SUSTAINABILITY
Business ethics and governance
Our operations are defined by good business ethics in all aspects of our operations and business activities. Applicable laws, regulations and standards are complied with in the countries in which we operate.
Anti-corruption and fair competition
Our Code of Conduct sets out the basic principles for how the company should do business. This Code provides an ethical compass for employees, the organization and its partners and suppliers. It describes how we and our partners/suppliers should act with regards to corruption and bribery and promote fair competition.
All employees and managers must read and sign the Code of Conduct as part of the recruitment and onboarding process. Each manager is responsible for ensuring that the Code of Conduct is followed in everyday practice by members of their team.
Whistleblower function
Starbreeze implements a whistleblower function through a web-based reporting system where information is collected and handled securely. In accordance with the EU Whistleblower Directive, anyone who comes into contact with Starbreeze has the opportunity to anonymously report the occurrence of behavior or situations that are not in line with the Code of Conduct, and/or applicable laws. There are no requirements to provide personal data and the possibility of anonymity ensures the privacy of the whistleblower. The purpose of the whistleblower unction is to encourage all stakeholders, internal and external, to report suspicions of potential or actual misconduct. This is to maintain the company’s cultural values and comply with high professional and ethical standards in our everyday activities.
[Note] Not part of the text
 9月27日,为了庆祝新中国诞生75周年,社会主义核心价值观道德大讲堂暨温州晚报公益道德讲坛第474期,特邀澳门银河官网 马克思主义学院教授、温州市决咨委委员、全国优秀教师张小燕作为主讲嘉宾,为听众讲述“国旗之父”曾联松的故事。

Information and IT security
Information and IT security are critical to maintaining the long-term success of Starbreeze's operations. The company works continuously to develop robust systems and processes to ensure that everyone who encounters Starbreeze receives personal data protection. To guarantee confidentiality and integrity in the company, guidelines have been designed based on frameworks such as ISO 27001, CIS, and GDPR. All strategic decisions linked to information security must be taken by the management team to maintain relevant information management and at the same time minimize the risk of errors occurring. Training to increase awareness of information security must be carried out on an ongoing basis with Starbreeze employees so that everyone is confident about the risks that exist and the regulations that apply.
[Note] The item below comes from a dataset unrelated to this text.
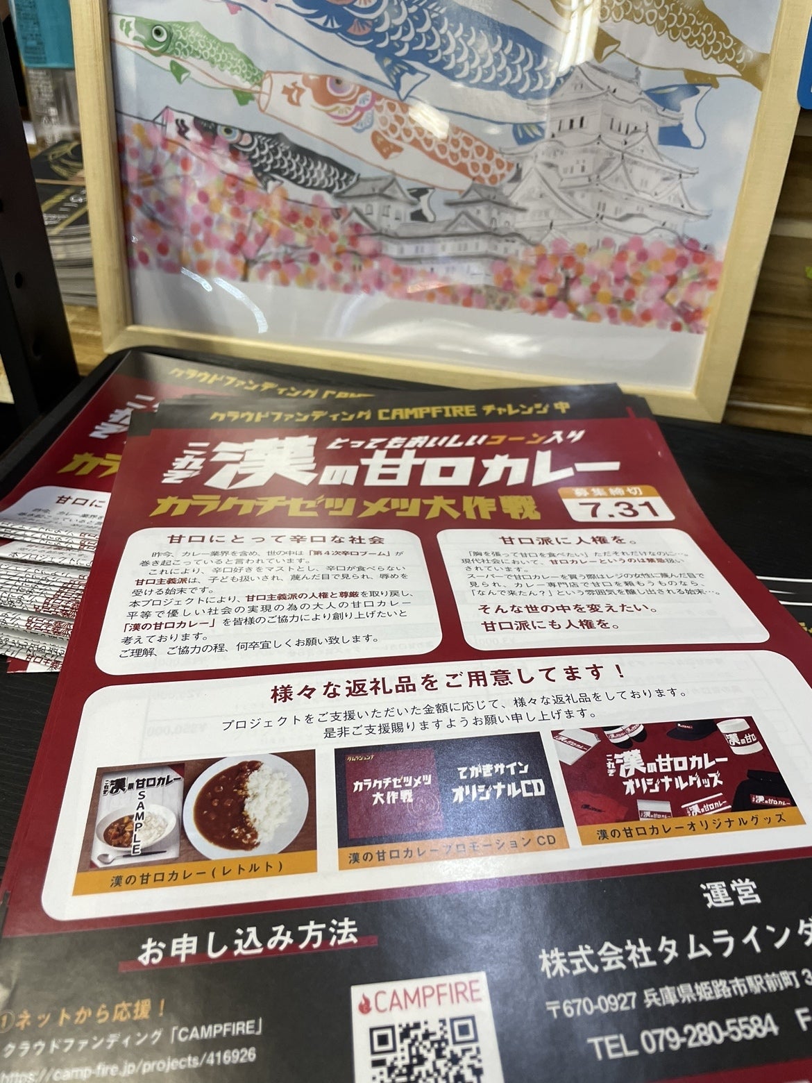 の店内にて【これぞ!漢の甘口カレー】のクラウドファンディング申し込み書を置いています!

IT security is an integral part of Starbreeze's work and it must ensure appropriate protection of IT systems and infrastructure to successfully minimize risks. All information must be processed by appropriate people and classified based on the security level deemed to be correct. Sensitive information must be encrypted and processed according to the company's policies and, if necessary, Starbreeze must be able to remotely control and delete all information on the company's various devices. At a minimum, Starbreeze must comply with the laws and regulations that are linked to data protection and privacy in all the countries in which the company operates.
Personal data and user privacy
Everyone who comes into contact with Starbreeze’s activities must feel confident about how their personal data is handled. Starbreeze handles a large amount of personal data concerning employees and customers, which is why user privacy takes high priority. The company has processes for how information is collected and personal data is processed in accordance with the guidelines and requirements set out in the General Data Protection Regulation (GDPR). Starbreeze’s Data Protection Officer is responsible for checking that the company complies with the regulations. The Starbreeze website presents the company’s privacy policy, including separate policies for different games.
Fair marketing
We follow the regulations and recommendations in force in each geographical market for the labeling and marketing of games. The company follows the EU and US PEGI and ESRB rating systems for content and age limits. Marketing is ethical, accurate, honest and reflects generally accepted social product standards.
Human rights
Supporting and protecting human rights is seen as a matter of course, both in Starbreeze's own operations and in the value chain. We consider the risk of infringement of human rights in our own operations to be low, given that we actively follow a Code of Conduct and adhere to core values, and that we consciously avoid risk geographies. We only conduct our own operations in countries where employees have good protection under national labor law, which includes the working environment.
There is always a risk that our partners and suppliers operate in risk geographies. In order to avoid any possible risk of parties in the supply chain violating human rights, we impose contractual requirements which are based on the Code of Conduct and national laws and regulations.